(Excerpts from a dataset)
= Beginning of Section =

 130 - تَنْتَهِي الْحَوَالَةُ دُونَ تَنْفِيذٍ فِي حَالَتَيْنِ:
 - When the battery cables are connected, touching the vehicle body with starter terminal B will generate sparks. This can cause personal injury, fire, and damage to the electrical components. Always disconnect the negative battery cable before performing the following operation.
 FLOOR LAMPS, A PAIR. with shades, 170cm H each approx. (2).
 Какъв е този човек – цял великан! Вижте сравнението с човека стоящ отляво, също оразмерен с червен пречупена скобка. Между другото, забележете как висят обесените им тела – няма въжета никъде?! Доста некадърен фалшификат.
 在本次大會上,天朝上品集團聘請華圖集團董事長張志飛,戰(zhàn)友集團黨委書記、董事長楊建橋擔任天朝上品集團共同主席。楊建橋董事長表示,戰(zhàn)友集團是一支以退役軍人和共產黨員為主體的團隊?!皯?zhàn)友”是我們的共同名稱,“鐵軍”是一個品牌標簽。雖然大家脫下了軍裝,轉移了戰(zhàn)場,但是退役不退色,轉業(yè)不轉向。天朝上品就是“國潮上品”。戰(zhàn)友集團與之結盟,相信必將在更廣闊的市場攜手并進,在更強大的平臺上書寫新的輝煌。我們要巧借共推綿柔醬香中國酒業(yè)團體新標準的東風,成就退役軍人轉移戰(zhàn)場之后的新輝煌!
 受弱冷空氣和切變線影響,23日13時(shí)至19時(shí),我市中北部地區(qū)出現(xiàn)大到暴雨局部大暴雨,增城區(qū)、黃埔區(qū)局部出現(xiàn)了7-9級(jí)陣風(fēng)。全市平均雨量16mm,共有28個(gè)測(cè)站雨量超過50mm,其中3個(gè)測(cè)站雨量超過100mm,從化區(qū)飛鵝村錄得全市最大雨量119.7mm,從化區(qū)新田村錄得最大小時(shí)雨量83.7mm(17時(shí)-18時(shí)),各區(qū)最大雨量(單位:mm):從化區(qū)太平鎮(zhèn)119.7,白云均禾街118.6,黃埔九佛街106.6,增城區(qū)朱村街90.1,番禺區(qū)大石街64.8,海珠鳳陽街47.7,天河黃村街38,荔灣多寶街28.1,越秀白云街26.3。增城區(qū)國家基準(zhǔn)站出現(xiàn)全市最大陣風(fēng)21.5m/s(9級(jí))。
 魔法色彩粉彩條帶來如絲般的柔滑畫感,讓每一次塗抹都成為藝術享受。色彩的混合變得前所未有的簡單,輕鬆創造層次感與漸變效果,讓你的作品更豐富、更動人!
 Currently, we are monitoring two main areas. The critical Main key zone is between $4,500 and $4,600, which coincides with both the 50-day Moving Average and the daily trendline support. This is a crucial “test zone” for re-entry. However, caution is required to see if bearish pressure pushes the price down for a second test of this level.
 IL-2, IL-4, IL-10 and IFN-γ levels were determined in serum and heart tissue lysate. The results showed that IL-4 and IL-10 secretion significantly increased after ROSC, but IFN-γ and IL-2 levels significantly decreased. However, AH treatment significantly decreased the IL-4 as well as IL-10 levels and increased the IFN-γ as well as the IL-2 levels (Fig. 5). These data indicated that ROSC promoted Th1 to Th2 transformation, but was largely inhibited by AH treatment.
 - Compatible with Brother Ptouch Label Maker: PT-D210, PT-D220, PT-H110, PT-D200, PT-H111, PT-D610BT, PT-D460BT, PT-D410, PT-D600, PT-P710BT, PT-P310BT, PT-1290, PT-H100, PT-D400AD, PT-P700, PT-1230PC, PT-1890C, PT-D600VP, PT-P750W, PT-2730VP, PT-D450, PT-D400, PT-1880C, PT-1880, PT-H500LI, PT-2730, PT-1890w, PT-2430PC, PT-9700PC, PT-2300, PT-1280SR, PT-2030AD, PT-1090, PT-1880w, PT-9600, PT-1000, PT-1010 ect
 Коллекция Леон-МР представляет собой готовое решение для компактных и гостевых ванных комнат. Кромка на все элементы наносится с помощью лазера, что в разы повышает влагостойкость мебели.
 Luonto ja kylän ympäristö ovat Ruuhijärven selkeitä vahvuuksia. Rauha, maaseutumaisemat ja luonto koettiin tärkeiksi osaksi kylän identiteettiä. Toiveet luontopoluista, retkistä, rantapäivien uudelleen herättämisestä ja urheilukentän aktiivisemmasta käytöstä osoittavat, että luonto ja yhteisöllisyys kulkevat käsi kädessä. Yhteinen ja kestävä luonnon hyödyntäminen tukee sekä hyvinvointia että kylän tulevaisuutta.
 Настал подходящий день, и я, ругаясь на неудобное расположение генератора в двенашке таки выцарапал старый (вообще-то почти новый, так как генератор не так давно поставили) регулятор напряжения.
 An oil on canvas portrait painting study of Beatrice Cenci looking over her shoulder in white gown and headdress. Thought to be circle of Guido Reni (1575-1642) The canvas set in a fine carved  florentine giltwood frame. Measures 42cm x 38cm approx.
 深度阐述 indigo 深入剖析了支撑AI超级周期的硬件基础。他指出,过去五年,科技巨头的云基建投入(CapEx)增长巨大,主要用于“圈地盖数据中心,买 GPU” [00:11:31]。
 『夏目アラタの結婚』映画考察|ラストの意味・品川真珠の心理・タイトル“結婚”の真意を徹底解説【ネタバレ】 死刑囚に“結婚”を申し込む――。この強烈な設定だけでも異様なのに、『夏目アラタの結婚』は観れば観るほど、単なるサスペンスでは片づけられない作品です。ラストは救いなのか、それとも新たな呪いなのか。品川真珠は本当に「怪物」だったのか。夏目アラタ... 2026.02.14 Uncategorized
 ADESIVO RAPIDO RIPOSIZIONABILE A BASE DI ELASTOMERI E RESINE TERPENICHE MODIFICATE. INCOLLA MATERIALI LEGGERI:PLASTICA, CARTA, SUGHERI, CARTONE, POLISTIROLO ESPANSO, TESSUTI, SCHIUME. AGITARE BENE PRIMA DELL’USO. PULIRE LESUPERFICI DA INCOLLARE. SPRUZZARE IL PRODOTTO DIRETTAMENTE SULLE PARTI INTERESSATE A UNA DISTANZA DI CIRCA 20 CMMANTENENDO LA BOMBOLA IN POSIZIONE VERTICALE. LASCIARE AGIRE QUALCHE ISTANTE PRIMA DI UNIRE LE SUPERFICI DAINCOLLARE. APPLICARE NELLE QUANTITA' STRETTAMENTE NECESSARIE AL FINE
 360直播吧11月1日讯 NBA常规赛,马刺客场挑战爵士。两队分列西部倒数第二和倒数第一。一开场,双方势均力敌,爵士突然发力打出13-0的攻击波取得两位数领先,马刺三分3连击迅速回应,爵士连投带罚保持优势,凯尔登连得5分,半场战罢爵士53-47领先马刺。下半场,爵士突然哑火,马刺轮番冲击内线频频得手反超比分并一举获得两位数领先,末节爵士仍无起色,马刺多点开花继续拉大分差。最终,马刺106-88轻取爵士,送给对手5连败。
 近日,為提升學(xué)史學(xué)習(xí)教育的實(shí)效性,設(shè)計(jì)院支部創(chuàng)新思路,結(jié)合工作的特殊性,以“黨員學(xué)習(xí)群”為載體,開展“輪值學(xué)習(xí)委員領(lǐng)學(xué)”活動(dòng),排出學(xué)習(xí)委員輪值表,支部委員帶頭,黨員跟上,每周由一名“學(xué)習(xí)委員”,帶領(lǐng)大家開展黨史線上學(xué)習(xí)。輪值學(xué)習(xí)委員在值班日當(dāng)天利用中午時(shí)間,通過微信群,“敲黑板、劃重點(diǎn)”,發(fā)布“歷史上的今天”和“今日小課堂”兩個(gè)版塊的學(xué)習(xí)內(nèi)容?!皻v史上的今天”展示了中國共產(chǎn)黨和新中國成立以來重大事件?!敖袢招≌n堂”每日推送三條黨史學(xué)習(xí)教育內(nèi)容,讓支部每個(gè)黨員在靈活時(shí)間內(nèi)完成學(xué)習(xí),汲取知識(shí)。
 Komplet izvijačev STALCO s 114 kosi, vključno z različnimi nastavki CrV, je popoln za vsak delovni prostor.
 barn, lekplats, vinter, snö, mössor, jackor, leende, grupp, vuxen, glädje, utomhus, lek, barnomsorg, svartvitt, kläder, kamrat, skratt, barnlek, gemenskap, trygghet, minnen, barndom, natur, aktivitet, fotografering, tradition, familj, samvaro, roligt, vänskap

= End of Section =

• Aim of the task: Find the word "approx" in the data and copy out each line where it turns up.

• Written reply:
 FLOOR LAMPS, A PAIR. with shades, 170cm H each approx. (2).
 An oil on canvas portrait painting study of Beatrice Cenci looking over her shoulder in white gown and headdress. Thought to be circle of Guido Reni (1575-1642) The canvas set in a fine carved  florentine giltwood frame. Measures 42cm x 38cm approx.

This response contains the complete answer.